This should also be known as The Least Sexy Vampire Movie Ever.
How can you have a movie with David Bowie, Catherine Deneuve, and Susan Sarandon as vampires and it not be sexy?! There's gratuitous female nudity (in the first 9 minutes you get two different sets of boobs) and a girl-on-girl scene between the two female leads. For all of you people out there who really wanted to see Susan Sarandon bat for the other team, here you go! Also, seek help.
Ugh. So Miriam (Catherine Deneuve) is a two thousand year old vampire with a slight problem. All her turned lovers only stick around for a couple of hundred years before succumbing to the rapid degeneration of age. David Bowie is her most recent companion, who grows terrified of his declining prowess and seeks out Susan Sarandon, a doctor who specializes in Progeria research. Before he can convince her to help him, he gets all corpsey.
Side note: This is some of the best aging make-up I've ever seen in a film. That, and Catherine Deneuve's gorgeous wardrobe are the only compliments I can give this thing.

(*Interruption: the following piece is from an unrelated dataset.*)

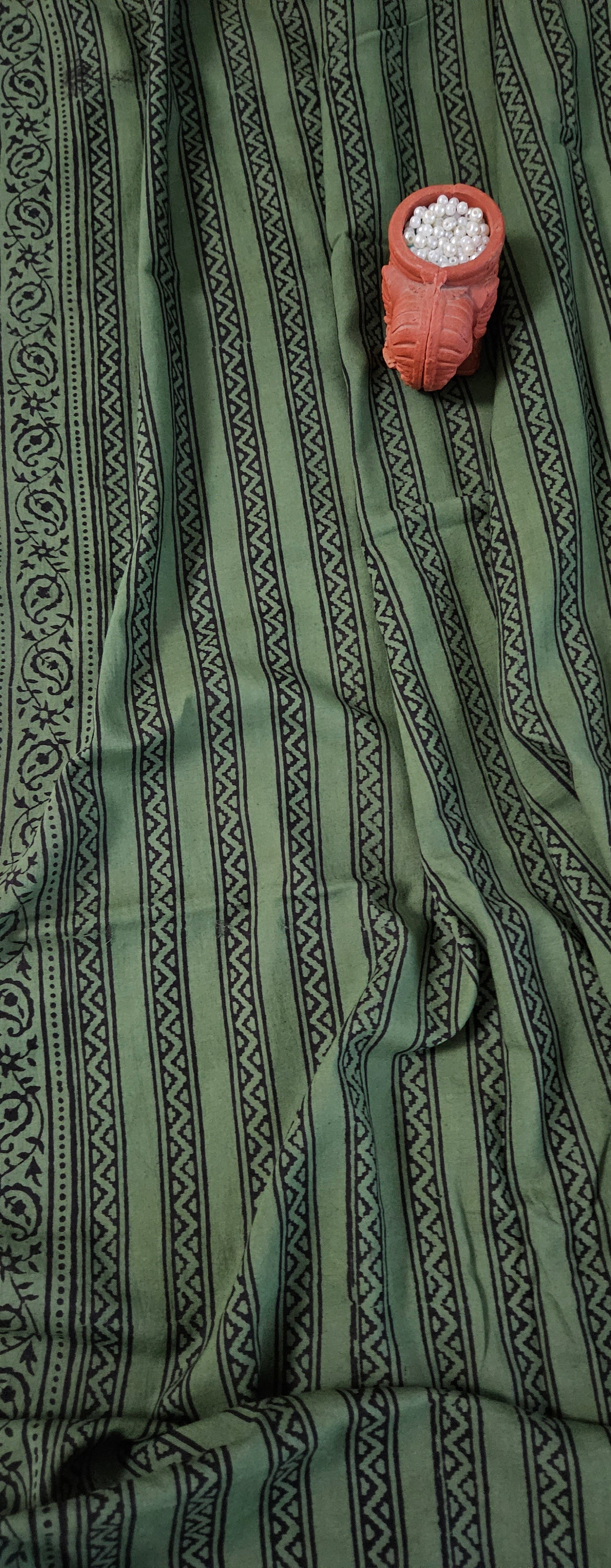 Green'n'black block print kurta material

But, because he's a vampire, he can't exactly die, so Miriam sticks him in a coffin in her attic...with all the other, presumably aware, coffin-bound loves of her long life. Yeah, locked in a box, forever aging but unable to die? Not sexy.

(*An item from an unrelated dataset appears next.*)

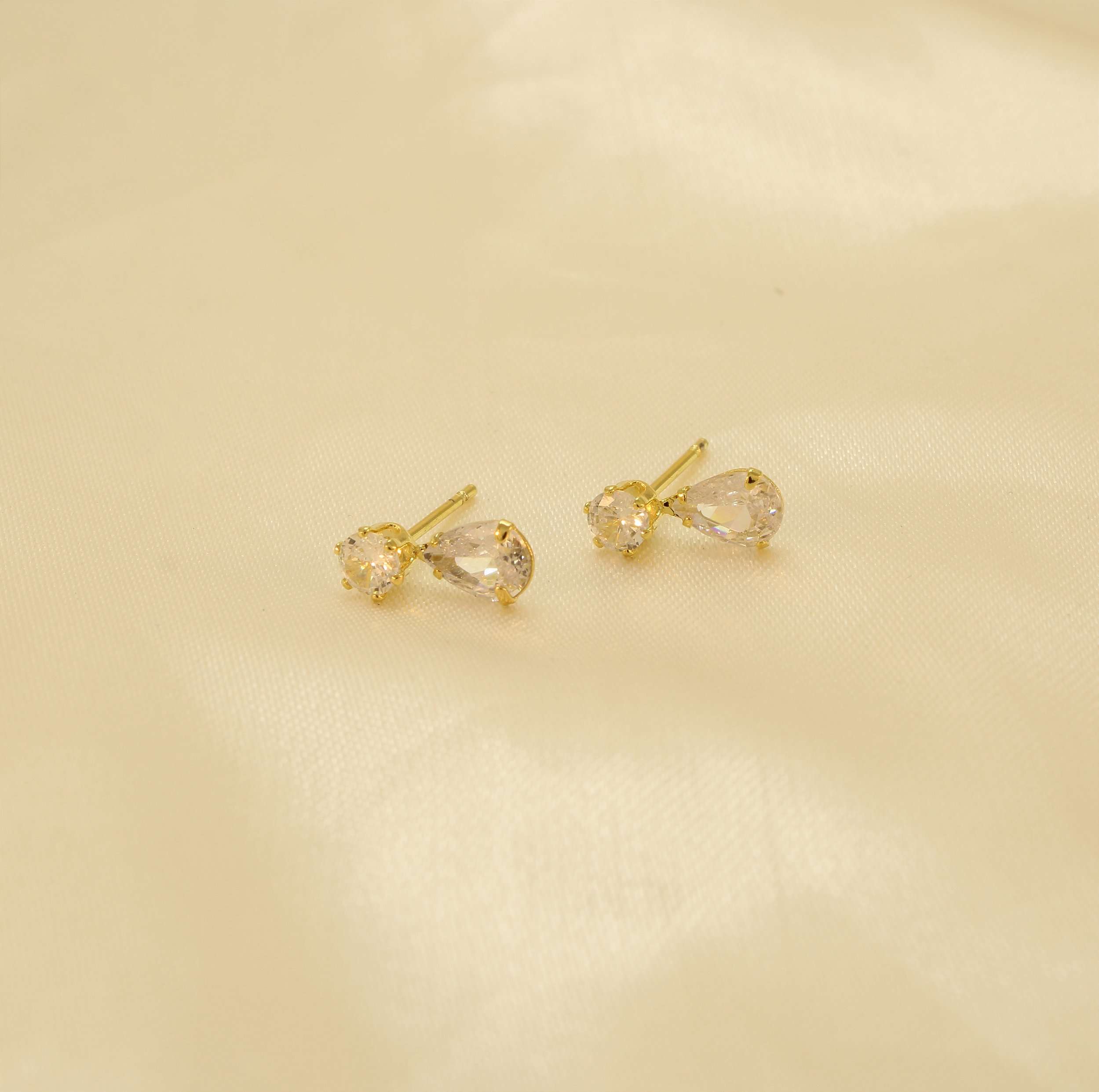 Brinco Gota em Zircônia Folheado a Ouro 18k

Doctor Sarandon tracks down David Bowie's information because she feels bad for blowing him off and introduces herself to the grieving Miriam...who immediately seduces and turns her. Like all rebound relationships, this ends badly and proceeds into one of the most WTF endings I've ever seen. Seriously, I'm well-versed in the various vampire canons and I cannot account for a single myth that would explain what the hell happened in the last few minutes of this movie.
It was directed by Tony Scott (Unstoppable, Man on Fire, and oh holy shit Top Gun?! Really?) who has done some of my favorite movies of the last 10 years. This will not be added to that list.